Stored dataset items:
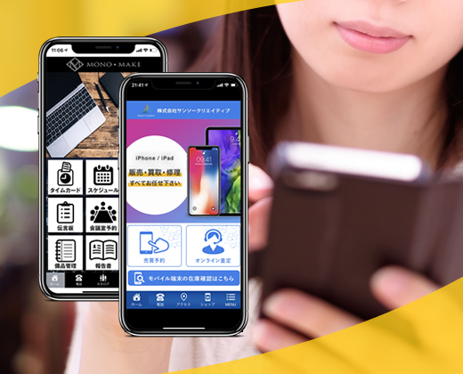 社内のスケジュールや勤怠管理、会議室予約に報告書など日々の社内業務や情報共有をアプリで手軽に操作。オリジナルアプリでテレワークにも最適。
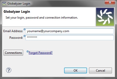 The first time you start Globalyzer, you are asked to provide login information. This information is used the next time Globalyzer is launched. If you would like to change users or connect to a different server, select Window=>Preferences=>Globalyzer=>Login and Server/Proxy Settings sections, make modifications and Apply.
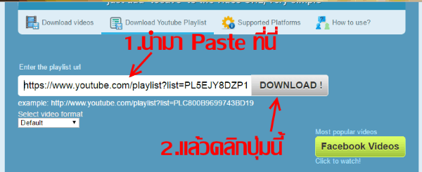 จากนั้นเข้าที่เว็บไซต์ http://www.downvids.net/download-youtube-playlist-videos แล้วทำการ paste วางลิงค์ playlist บน Youtube ที่เรา copy ลิงค์เมื่อสักครู่นี้ลงไป แล้วคลิก Download
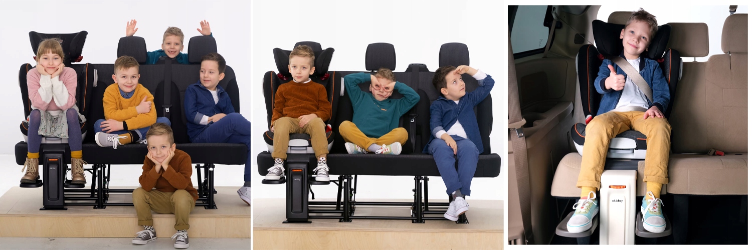 Підніжка Okiday була створеназ думкою про дітей віком від 5 до 12 років, має механізм, що дозволяє регулювати висоту платформ для ніг. Просте встановлення в автомобілі та сумісність з будь-яким автомобілем із системою Isofix доводять універсальність цього практичного аксесуара.
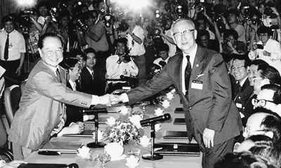 1993年4月27日上午10时,汪道涵先生(左)和辜振甫先生越过会议桌,紧紧握手。(资料图)
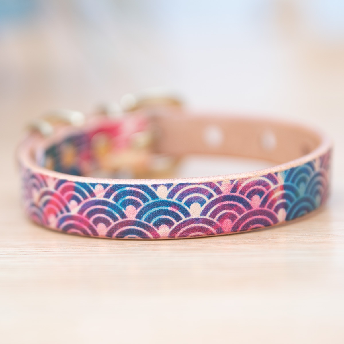 Framer アートなグラフィック本革首輪 青海波オーロラ 真鍮無垢金具 サイズSS~L ベルト幅16mm #23483
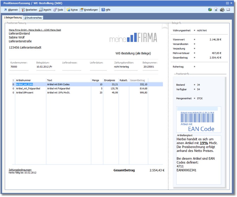 Navigation:  Warenwirtschaft > Belegbearbeitung > Einkauf/Wareneingang >
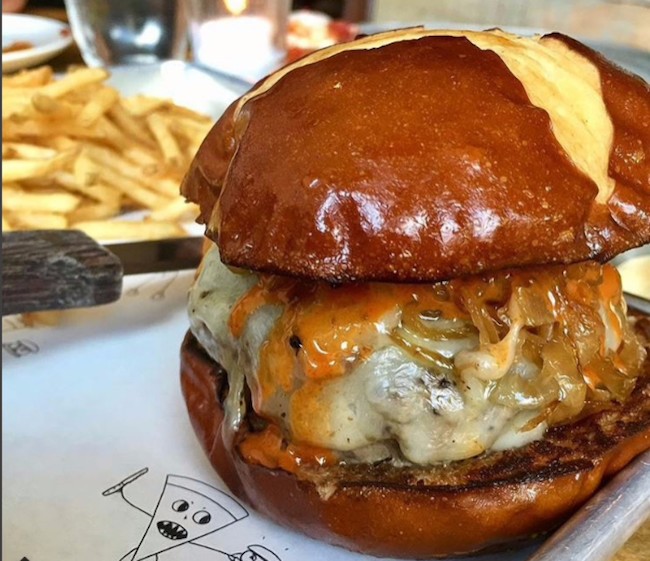 La hamburguesa de este restaurante tiene salsa de búfala y queso. A pesar de ser un restaurante especializado en pizzas, la hamburguesa también es uno de sus productos estrella.
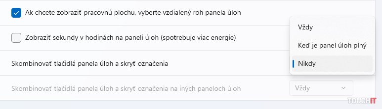 Jednou z najviditeľnejších zmien a najmä skutočne žiadanou funkciou bolo obnovenie nezoskupovania tlačidiel na Paneli úloh. Používatelia majú opäť možnosť vybrať si, akou formou sa budú tlačidlá zoskupovať, či vždy, len pri plnom paneli úloh alebo nikdy.
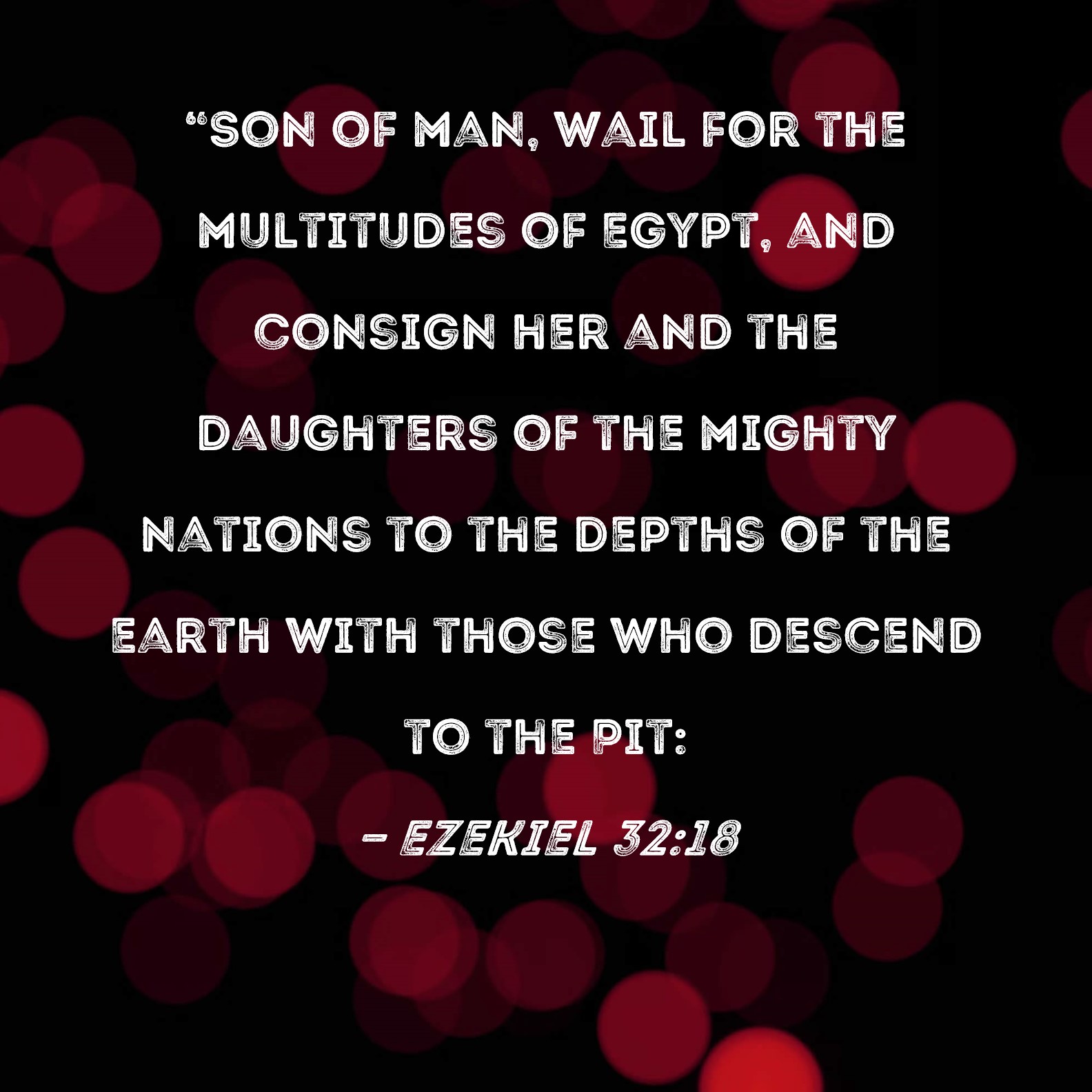 Ezekiel 32:18 "Son of man, wail for the multitudes of Egypt, and consign her and the daughters of the mighty nations to the depths of the earth with those who descend to the Pit:
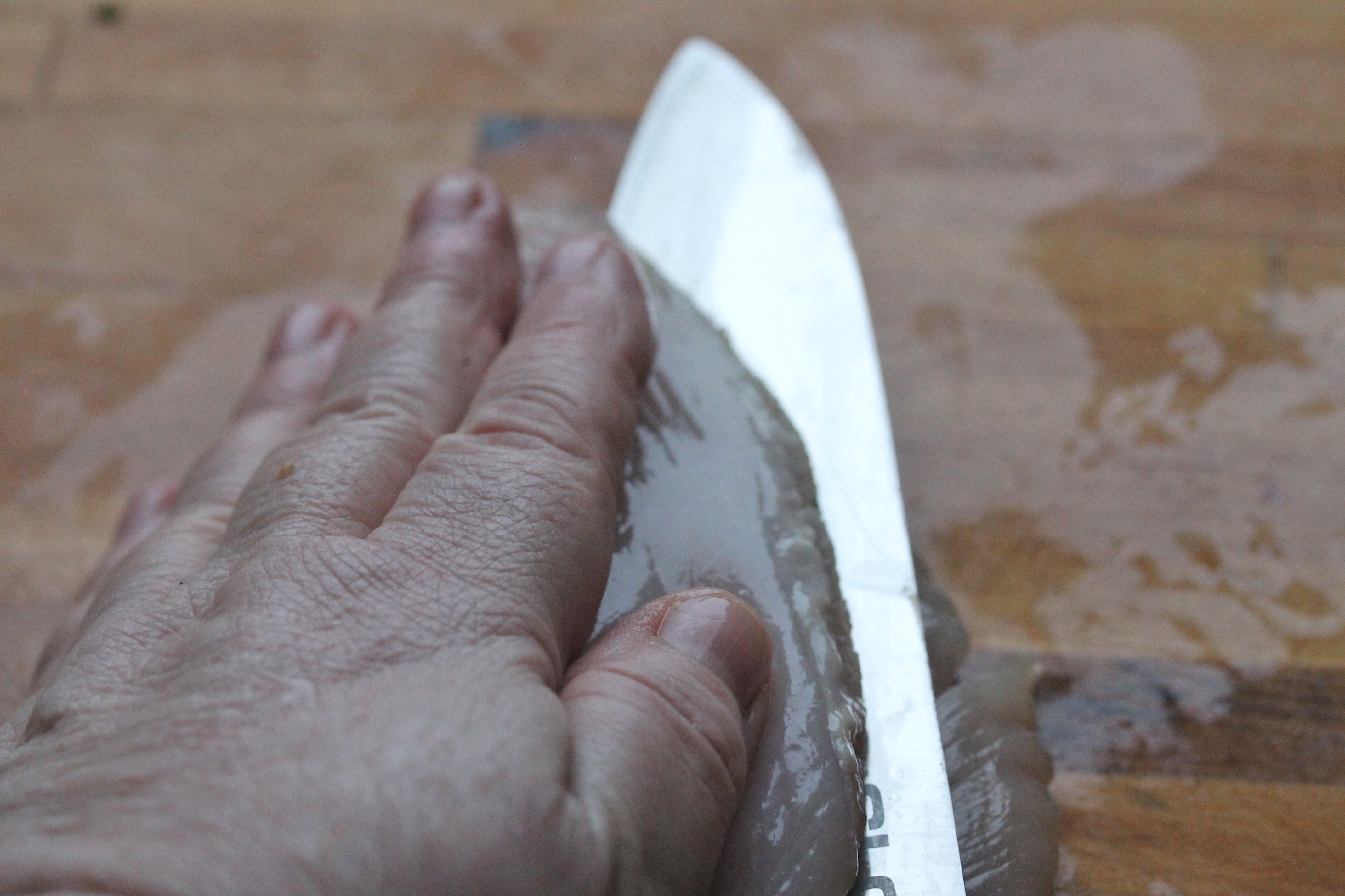Bringan sem ég átti var reyndar óvenju stór og þykk en það var ekki þess vegna sem ég klauf hana í tvennt, það hafði ég líka gert við bringurnar í bókinni þótt þær væru meðalstórar eða líklega aðeins minni en það. Ég setti bringuna semsagt á bretti, lagði lófann ofan á og skar hana í tvennt með beittum hníf.

HOW TO COMPLETE THIS TASK:
Pictures should be left out when the records above are restated exactly.

THE COMPLETED TASK:
 社内のスケジュールや勤怠管理、会議室予約に報告書など日々の社内業務や情報共有をアプリで手軽に操作。オリジナルアプリでテレワークにも最適。
 The first time you start Globalyzer, you are asked to provide login information. This information is used the next time Globalyzer is launched. If you would like to change users or connect to a different server, select Window=>Preferences=>Globalyzer=>Login and Server/Proxy Settings sections, make modifications and Apply.
 จากนั้นเข้าที่เว็บไซต์ http://www.downvids.net/download-youtube-playlist-videos แล้วทำการ paste วางลิงค์ playlist บน Youtube ที่เรา copy ลิงค์เมื่อสักครู่นี้ลงไป แล้วคลิก Download
 Підніжка Okiday була створеназ думкою про дітей віком від 5 до 12 років, має механізм, що дозволяє регулювати висоту платформ для ніг. Просте встановлення в автомобілі та сумісність з будь-яким автомобілем із системою Isofix доводять універсальність цього практичного аксесуара.
 1993年4月27日上午10时,汪道涵先生(左)和辜振甫先生越过会议桌,紧紧握手。(资料图)
 Framer アートなグラフィック本革首輪 青海波オーロラ 真鍮無垢金具 サイズSS~L ベルト幅16mm #23483
 Navigation:  Warenwirtschaft > Belegbearbeitung > Einkauf/Wareneingang >
 La hamburguesa de este restaurante tiene salsa de búfala y queso. A pesar de ser un restaurante especializado en pizzas, la hamburguesa también es uno de sus productos estrella.
 Jednou z najviditeľnejších zmien a najmä skutočne žiadanou funkciou bolo obnovenie nezoskupovania tlačidiel na Paneli úloh. Používatelia majú opäť možnosť vybrať si, akou formou sa budú tlačidlá zoskupovať, či vždy, len pri plnom paneli úloh alebo nikdy.
 Ezekiel 32:18 "Son of man, wail for the multitudes of Egypt, and consign her and the daughters of the mighty nations to the depths of the earth with those who descend to the Pit:
Bringan sem ég átti var reyndar óvenju stór og þykk en það var ekki þess vegna sem ég klauf hana í tvennt, það hafði ég líka gert við bringurnar í bókinni þótt þær væru meðalstórar eða líklega aðeins minni en það. Ég setti bringuna semsagt á bretti, lagði lófann ofan á og skar hana í tvennt með beittum hníf.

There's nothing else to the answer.